Once the line containing "พระจับใบดำ-ใบแดง กองเชียร์เป็นลม 3" is located, give it again exactly, together with each line that follows it to the end of the entries, and add nothing else.
━━━ Exercise input
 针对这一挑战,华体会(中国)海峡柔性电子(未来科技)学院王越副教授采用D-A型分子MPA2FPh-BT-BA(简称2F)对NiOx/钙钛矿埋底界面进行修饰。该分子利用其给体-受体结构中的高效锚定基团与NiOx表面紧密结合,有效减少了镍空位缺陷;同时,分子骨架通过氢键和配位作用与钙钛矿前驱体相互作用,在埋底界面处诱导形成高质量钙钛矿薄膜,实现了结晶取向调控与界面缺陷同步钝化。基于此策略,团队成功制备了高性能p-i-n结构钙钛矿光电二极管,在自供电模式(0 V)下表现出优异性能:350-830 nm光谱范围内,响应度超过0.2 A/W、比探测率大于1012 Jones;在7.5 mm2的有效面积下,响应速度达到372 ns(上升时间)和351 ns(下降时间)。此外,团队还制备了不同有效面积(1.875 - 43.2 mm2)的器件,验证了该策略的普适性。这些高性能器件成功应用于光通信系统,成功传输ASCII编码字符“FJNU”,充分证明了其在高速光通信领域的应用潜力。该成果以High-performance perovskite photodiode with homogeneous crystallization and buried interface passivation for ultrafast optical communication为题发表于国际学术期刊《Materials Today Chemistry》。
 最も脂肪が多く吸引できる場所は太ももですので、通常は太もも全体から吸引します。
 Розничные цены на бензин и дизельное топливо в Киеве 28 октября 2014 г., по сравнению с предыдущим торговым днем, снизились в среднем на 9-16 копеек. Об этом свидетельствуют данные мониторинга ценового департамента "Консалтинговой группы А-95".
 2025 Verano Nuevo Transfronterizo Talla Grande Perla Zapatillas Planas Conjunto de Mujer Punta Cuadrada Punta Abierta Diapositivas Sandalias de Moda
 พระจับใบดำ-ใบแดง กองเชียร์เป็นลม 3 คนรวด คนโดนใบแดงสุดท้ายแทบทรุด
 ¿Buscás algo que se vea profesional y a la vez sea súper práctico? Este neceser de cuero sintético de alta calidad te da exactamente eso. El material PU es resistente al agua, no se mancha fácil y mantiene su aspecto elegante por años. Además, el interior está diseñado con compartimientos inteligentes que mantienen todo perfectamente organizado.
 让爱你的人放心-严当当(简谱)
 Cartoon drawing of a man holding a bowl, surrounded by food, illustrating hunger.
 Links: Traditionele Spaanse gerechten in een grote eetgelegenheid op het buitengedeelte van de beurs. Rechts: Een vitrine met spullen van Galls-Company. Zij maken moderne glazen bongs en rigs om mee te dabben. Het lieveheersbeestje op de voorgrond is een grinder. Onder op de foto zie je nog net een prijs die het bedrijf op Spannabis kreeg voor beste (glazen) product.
━━━━━━
## Reply to the exercise
 พระจับใบดำ-ใบแดง กองเชียร์เป็นลม 3 คนรวด คนโดนใบแดงสุดท้ายแทบทรุด
 ¿Buscás algo que se vea profesional y a la vez sea súper práctico? Este neceser de cuero sintético de alta calidad te da exactamente eso. El material PU es resistente al agua, no se mancha fácil y mantiene su aspecto elegante por años. Además, el interior está diseñado con compartimientos inteligentes que mantienen todo perfectamente organizado.
 让爱你的人放心-严当当(简谱)
 Cartoon drawing of a man holding a bowl, surrounded by food, illustrating hunger.
 Links: Traditionele Spaanse gerechten in een grote eetgelegenheid op het buitengedeelte van de beurs. Rechts: Een vitrine met spullen van Galls-Company. Zij maken moderne glazen bongs en rigs om mee te dabben. Het lieveheersbeestje op de voorgrond is een grinder. Onder op de foto zie je nog net een prijs die het bedrijf op Spannabis kreeg voor beste (glazen) product.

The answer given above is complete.